How to cite this URL:
Suda S, Kimura K. Therapeutic potential of AMPA receptor antagonist perampanel against cerebral ischemia: beyond epileptic disorder. Neural Regen Res [serial online] 2019 [cited 2019 Sep 20];14:1525-6. Available from: http://www.nrronline.org/text.asp?2019/14/9/1525/255964



Stroke is a leading cause of mortality and severe neurological disability worldwide; however, curative therapeutic options are limited. Although recanalization therapy using endovascular thrombectomy has demonstrated great benefits in the functional outcome of patients with acute ischemic stroke, the rate of excellent clinical outcomes remains limited. Therefore, the current recanalization therapeutic approach may require adjunctive therapy to improve outcomes.

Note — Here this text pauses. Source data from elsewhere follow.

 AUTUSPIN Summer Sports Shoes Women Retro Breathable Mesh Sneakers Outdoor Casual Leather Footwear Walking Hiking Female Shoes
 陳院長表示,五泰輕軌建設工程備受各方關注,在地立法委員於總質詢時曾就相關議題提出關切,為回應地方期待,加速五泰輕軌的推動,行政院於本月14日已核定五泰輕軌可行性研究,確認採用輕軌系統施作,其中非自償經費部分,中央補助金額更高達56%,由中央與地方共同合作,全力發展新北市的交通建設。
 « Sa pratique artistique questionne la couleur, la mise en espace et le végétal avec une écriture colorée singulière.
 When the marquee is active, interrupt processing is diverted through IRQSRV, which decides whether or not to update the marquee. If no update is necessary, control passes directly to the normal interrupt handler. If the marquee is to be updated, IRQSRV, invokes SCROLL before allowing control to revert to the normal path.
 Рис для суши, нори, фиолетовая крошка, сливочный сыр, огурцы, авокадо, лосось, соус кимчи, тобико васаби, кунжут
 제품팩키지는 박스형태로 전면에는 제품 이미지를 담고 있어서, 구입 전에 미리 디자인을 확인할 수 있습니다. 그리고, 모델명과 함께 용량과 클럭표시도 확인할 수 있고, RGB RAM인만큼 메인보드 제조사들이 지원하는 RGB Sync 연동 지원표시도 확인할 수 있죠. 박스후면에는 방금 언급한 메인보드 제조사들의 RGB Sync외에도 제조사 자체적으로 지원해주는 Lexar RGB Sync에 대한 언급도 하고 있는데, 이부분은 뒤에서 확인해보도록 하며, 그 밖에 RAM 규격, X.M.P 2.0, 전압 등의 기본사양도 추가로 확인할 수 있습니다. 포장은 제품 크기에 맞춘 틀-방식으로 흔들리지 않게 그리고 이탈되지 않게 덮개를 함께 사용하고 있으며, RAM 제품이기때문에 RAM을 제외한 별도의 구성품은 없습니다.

Perampanel, a noncompetitive α-amino-3-hydroxy-5-methyl-4-isoxazole propionate receptor antagonist, has demonstrated broad-spectrum anti-seizure activity when administered orally in preclinical animal models, including models of tonic–clonic generalized seizures, absence/myoclonic seizures, and temporal lobe epilepsy (Hanada et al., 2011). The efficacy, safety, and tolerability of perampanel for patients with epilepsy with various seizure types including partial-onset seizures with or without secondary generalization have been reproduced in clinical practice (Tsai et al., 2018). Recently, it has been reported that perampanel exerts a neuroprotective effect against brain injury in experimental models, such as cerebral ischemia, traumatic brain injury (TBI), and intraventricular hemorrhage (Dohare et al., 2016; Chen et al., 2017; Nakajima et al., 2018). In this paper, we briefly discuss the protective effects of perampanel against experimental cerebral ischemia.

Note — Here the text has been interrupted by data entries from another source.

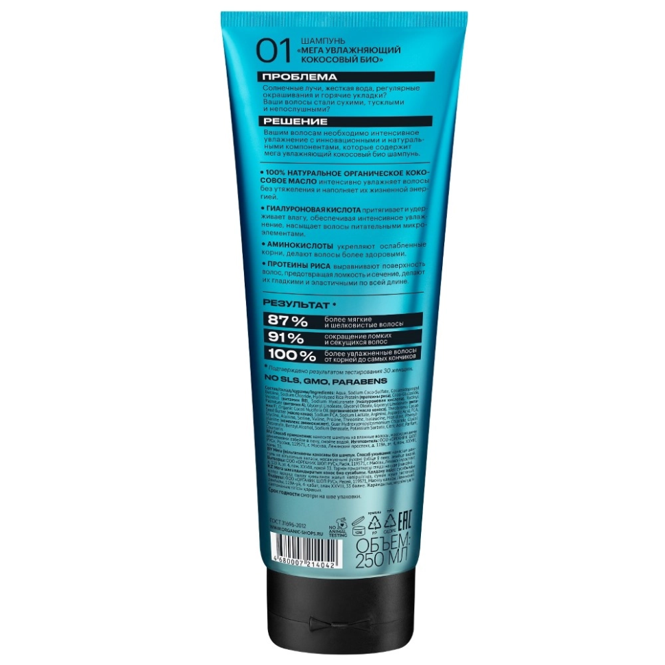 Organic Shop Naturally Professional Шампунь для волос Мега увлажняющий Кокосовый 250мл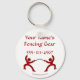 Uma etiqueta de chaveiro divertida para a bolsa de equipamento de esgrima, mochilas e muito mais. Digite seu nome e/ou texto de sua escolha e inclua seu número de telefone ou e-mail, se desejar. Uma forma excelente de reconhecer rapidamente a sua bolsa no clube, na venda ou nos torneios. Outras cores/estilos também disponíveis. Faz um excelente, um presente de vedação único!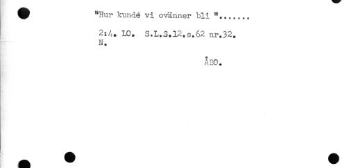 //// ^ "Hur kundé vi ovänner bli "....... //// LO. S.L.S.12.S.62 nr.32. //// N. //// HA * ) //// ÅBO. ////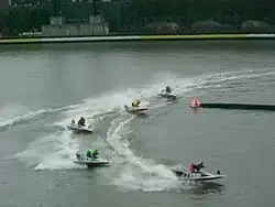 Once a race begins, boats fight for the best position entering the first turn marker. Race winners are often decided on the very first turn of the race.[4] The first boat across the line after three laps is the winner, with the first three finishers deciding the payouts for bets.[4]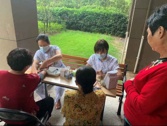 下午,“銀發(fā)守望”志愿者服務(wù)隊(duì)又前往梧田街道繼續(xù)開展義診活動(dòng),活動(dòng)現(xiàn)場(chǎng)早已有附近居民們?cè)诘却?,醫(yī)護(hù)人員一到現(xiàn)場(chǎng)便緊密鑼鼓開始為居民們測(cè)量血壓、血糖,解答居民們關(guān)心的健康問題。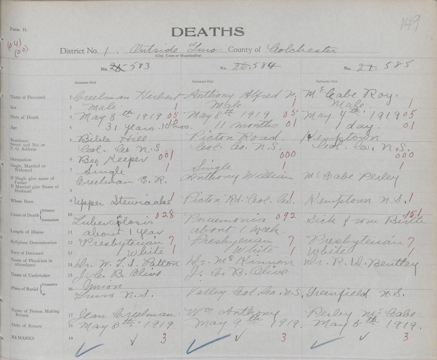 Male Death Registration: Year: 1919 book: 32 page: 149 number: 585

Pharmacological characteristics of perampanel: Glutamate is involved in a variety of functions in the central nervous system, such as learning, memory, anxiety, neuronal development, perception of pain as well as immune functions. Excessive release of glutamate can lead to excitotoxicity in neuronal cells via the activation of N-methyl-D-aspartic acid (NMDA), 2-amino-3[3hydroxy-5-methyl-4-isoxazolyl] propionic acid (AMPA), and kainic acid glutamate receptors, which leads to an influx of calcium. This phenomenon is considered to be involved in numerous neurological and psychiatric diseases, including stroke and epilepsy. Based on the prominent role of glutamate in ischemic damage, the strategy for development of neuroprotective drugs can be focused on the blockade of glutamate receptors. The neuroprotective effects of NMDA receptor blockers in animal stroke models were outstanding. However, NMDA antagonists caused psychoactive effects, including schizophrenia-like symptoms, cognitive impairment, and cardiovascular side effects, in clinical trials for stroke and TBI (Meldrum and Rogawski, 2007).

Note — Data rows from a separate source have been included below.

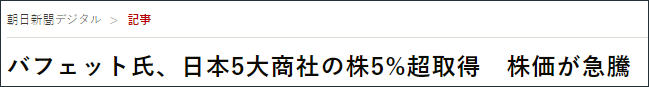 據美國消費者新聞與商業頻道(CNBC)30日報道,巴菲特的伯克希爾·哈撒韋公司已分別購入日本的5大商社略微超過5%的股份,分別為伊藤忠商事、丸紅、三菱商事、三井物產和住友商事。伯克希爾在聲明中稱,該司於過去的一年內陸續從東京證券交易所(TSE)購入上述公司股票。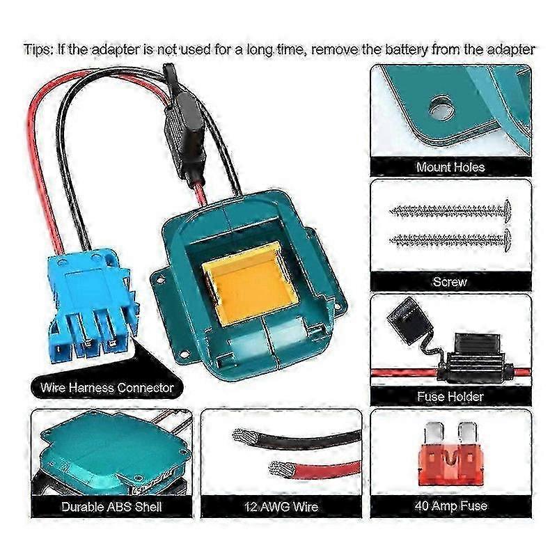 Power Wheel Adapter for 18V Battery with Wire Harness Connector & Fuse for Peg-Perego 12 Volt Power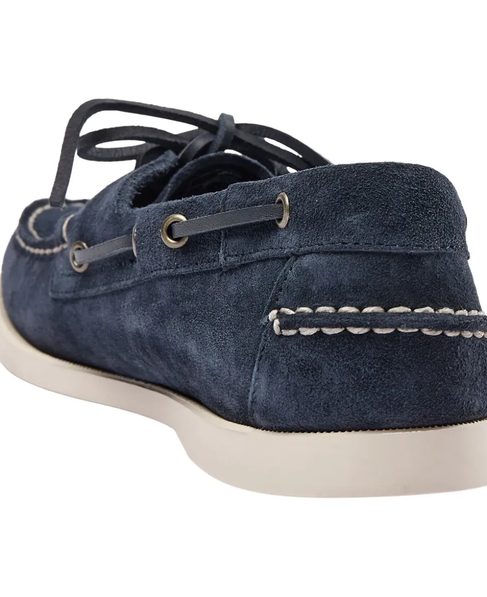 Disse langtidsholdbare bådsko er konstrueret til at være det perfekte nautiske fodtøj og er lavet af et unikt stykke blødt, men tykkere, resistent kvalitet af uforet ruskind og håndsyet med det fineste håndværk: De leveres med lædersokkefor, 360° råt snøresystem og skridsikre, skridsikre gummisåler, der giver stabilt greb under alle vejrforhold. Portland mocs bærer i deres DNA en medfødt kærlighed og bånd til byen Portland, en af de største havne i New England, også vært for en verdensberømt Yachting Club.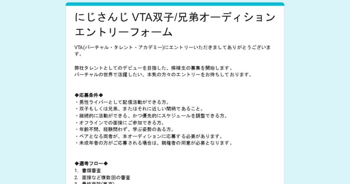 ・年齢不問、経験問わず、学ぶ姿勢のある方。 にじさんじ VTA双子/兄弟オーディション エントリーフォームVTA(バーチャル・タレント・アカデミー)にエントリーいただきましてありがとうございます。弊社タレントとしてのデビューを目指した、候補生の募集を開始します。バーチャルの世界で活躍したい、本気の方々のエントリーをお待ちしております。◆応募条件◆・男性ライバーとして配信活動ができる方。・双子もしくは兄弟、またはそれに近しい...docs.google.comにじさんじ VTAマスコットライバーオーディション

Although alternations in intracellular calcium levels are a proximal event for AMPA receptor activation, several downstream signaling molecules, such as protein kinases, apoptotic factors, and pro-inflammatory cytokines, have been found to be involved in the AMPA receptor-mediated neuronal injury. AMPA receptor antagonists, such as talampanel, YM872, EGIS-8332, ZK 200775, and GYKI53405, have been demonstrated to attenuate brain damage after focal or global cerebral ischemia (Hanada et al., 2011). However, these compounds exhibit many short-comings, such as poor solubility, a short half-life, and precipitation in the kidney, which limit their clinical utility. The competitive AMPA/kainate antagonist, ZK 200775, was tested in patients with acute ischemic stroke, although the study was prematurely terminated due to significant sedative effects (Walters et al., 2005). Talampanel has demonstrated efficacy in patients with refractory partial-onset seizures, although with associated adverse events, including ataxia and dizziness, occurring around the peak plasma concentration. Pharmacokinetic studies of talampanel revealed a short terminal half-life (5.6 hours), which led the investigators to adopt a three-times-daily dosing regimen in efficacy studies. This regimen caused repeated plasma peaks of talampanel, which may have contributed to the adverse event profile. Hence, AMPA antagonists that do not interact with kainate and NMDA receptors and exhibit a longer half-life may be potentially beneficial in reducing the incidence and severity of adverse events. Perampanel inhibits AMPA-induced increases in intracellular Ca2+, with no obvious effects against kainate- and NMDA-induced Ca2+ responses, and has a much longer terminal half-life (approximately 105 hours) in human, as well as good bioavailability. Thus, perampanel may have advantages, since a less-frequent dosing regimen could be possible, resulting in a smoother drug concentration profile and potentially improved tolerability and fewer adverse events (Hanada et al., 2011). Perampanel has already been approved in over 60 countries as an adjunctive therapy for the treatment of partial seizures, with or without secondary generalization.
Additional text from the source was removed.